Теперь о теории "ближнего прицела", как и о теории бесконфликтности, вспоминают не иначе как в ироническом контексте, с прибавлением эпитетов "пресловутая" или "так называемая". Тем удивительнее было увидеть недавно недвусмысленную агитацию за ее возрождение. Юрий Котляр выдвинул следующие требования к фантастической литературе:
"Такие произведения должны популяризировать новейшие достижения науки, говорить об открытиях, которые "носятся в воздухе" и скоро станут достоянием человечества". Боясь быть неверно понятым, Ю.
Котляр не поленился и конкретизировать темы, которыми, по его мнению, должна заниматься научная фантастика: "Расскажите о замечательных свойствах нейтрино, верхнем течении Амазонки, об улыбке Нефертити, Крабовидной туманности, сверхпроводимости, проектах Кибальчича, гидропонике, недрах Саянских гор..." Позвольте, но если этими - бесспорно, интереснейшими - темами будет заниматься фантастика, то что останется на долю несчастных популяризаторов науки? Ведь у них отобрана даже гидропоника! Наш известный академик Бруно Понтекорво, написавший не одну великолепную статью "о замечательных свойствах нейтрино", наверно, даже не подозревал, что он, оказывается, занимается фантастикой. Пожалуй, все это ступенькой ниже даже теории "ближнего прицела", она-то хоть разрешала писателю заглянуть в завтрашний день, а здесь его возвращают во вчерашний, к Кибальчичу.
Стороннику "гидропонической фантастики" всякий выход в собственно фантастику (то есть согласно толковому словарю - в область небывалого, пока еще невозможного, невероятного, рожденного воображением), естественно, должен казаться идеализмом или уж прямо мистикой, "тлетворный туман" которой обволакивает многие страницы в произведениях советских писателей, о чем своевременно и сигнализирует Ю. Котляр. Чего хотел автор статьи - отвратить подростков от чтения современной фантастики? Пусть себе перечитывают четыре раза "Человека-амфибию" (Ю. Котляр так и советует), а то ведь в новейших научных теориях, глядишь, можно и запутаться, ведь в них и сами ученые еще толком не разобрались. Как бы чего с подростками не вышло. Не думаю, чтобы журнал "Молодой коммунист" (№ 6, 1964 г.), в котором напечатана наивная и противоречивая статья "Фантастика и подросток", руководствовался подобными соображениями. Появление статьи Ю. Котляра тоже следствие запутанности положения с научной фантастикой, противоречивости требований к ней.
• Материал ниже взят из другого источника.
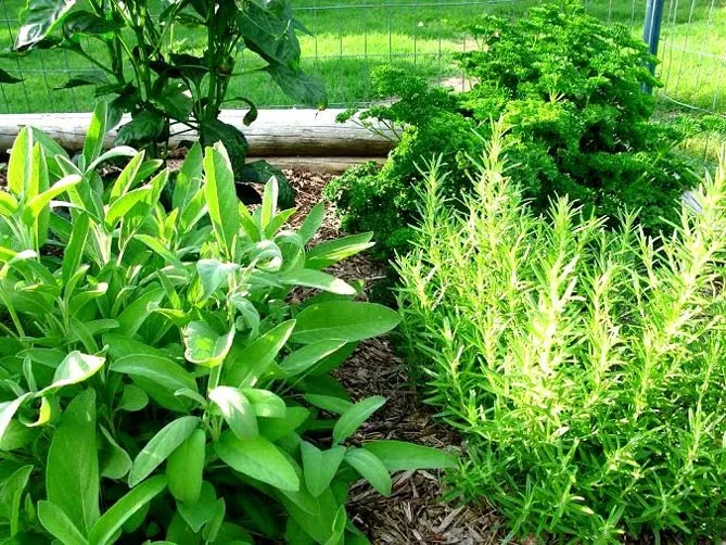 - в центре или сзади – самые высокие (шалфей, розмарин, мелисса);

На сходных принципах строится нередко и практическая работа некоторых фантастов. Писатель сочиняет некую научно-техническую гипотезу, а затем придумывает к ней, так сказать, беллетристическое оформление. Характеры, образность, язык - все это уже становится второстепенным, зависимым и, в сущности, мало интересующим автора. В результате произведение превращается в разновидность пресловутого "производственного" романа, в котором, как известно, "гайки" и "болты" (тщательно замаскированные под "дезоксирибонуклеиновые кислоты" и "эффект Доплера") начисто заслоняют людей. А нравственная идея в таких произведениях либо оказывается и вовсе не обязательной, либо она очевидно прямолинейна. Это не означает, конечно, что научная фантастика должна создаваться по тем же самым законам, как и бытовая повесть, что писателю-фантасту противопоказаны пусть даже и очень пространные отступления и специальные объяснения. Но все дело в том, какова же основная цель автора. Будет ли это исследование человеческого характера, поставленного волей воображения писателя в необычные, фантастические обстоятельства, будет ли вытекать из произведения серьезная, "человеческая" идея, или перед нами пустая игра ума, занятная в иных случаях, но в общем-то совершенно бессодержательная?..
Наглядным примером этого, надо сказать, весьма полноводного течения может служить рассказ М. Емцева и Е. Парнова "Не оставляющий следа".
Герой рассказа Джордж, живущий в одиночестве на уютной планетке, занявшись на досуге проблемами стереотелевидения, открывает способ получения в пространстве своей точной копки - псевдо-Джорджа, абсолютно неотличимого на взгляд от настоящего человека. Но это только видимость, мираж, псевдо-Джордж "изготовлен" из искривленного пространства, практически из ничего. Передоверив управление Неощутимкой разумной кибернетической машине, Джордж отделяет свою копию от себя, заставляет ее жить самостоятельной жизнью.
Самосовершенствуясь, псевдо-Джордж, точнее - управляющий им электронный мозг, постепенно набредает на такую мысль: собственно, "оригинал"-то теперь не очень и нужен, вполне можно обойтись без него, да и вообще без остального человечества. Но все кончается благополучно: "мятежники" гибнут (нет, лучше сказать, ломаются, выходят из строя), не успев осуществить своих диктаторских замыслов.
Таково содержание рассказа. Хочу обратить внимание, что для его передачи мне не понадобилось и упоминания о еще двух действующих лицах космонавтах Нибоне и Андрее, которые прилетают навестить Джорджа, встречают Неощутимку и принимают его за настоящего человека, в связи с чем происходит ряд недоразумений.
Пользуясь терминологией М. Емцева и Е. Парнова, их герои - Андрей, Нибон, да и сам Джордж - это "псевдообразы", видимость, за которой пустота. У них чисто служебное назначение, а именно: им отведена роль обычных динамиков, транслирующих отдельные слова и фразы, придуманные авторами для комментирования происходящего. Но как в радиоприемнике или магнитофоне; где замена одной марки громкоговорителя на другую принципиальных изменений в схему аппарата не вносит, так и здесь: героев рассказа можно заменить любыми другими - вместо Джорджа, Андрея и Нибона взять Чарли, Евграфа и Али-Ахмета, дать им другие биографии, превратить их, скажем, в женщин, увеличить их число до пяти или уменьшить до одного. Столь же легко подменить и весь космический антураж. Авторский замысел от этого ничуть не пострадает.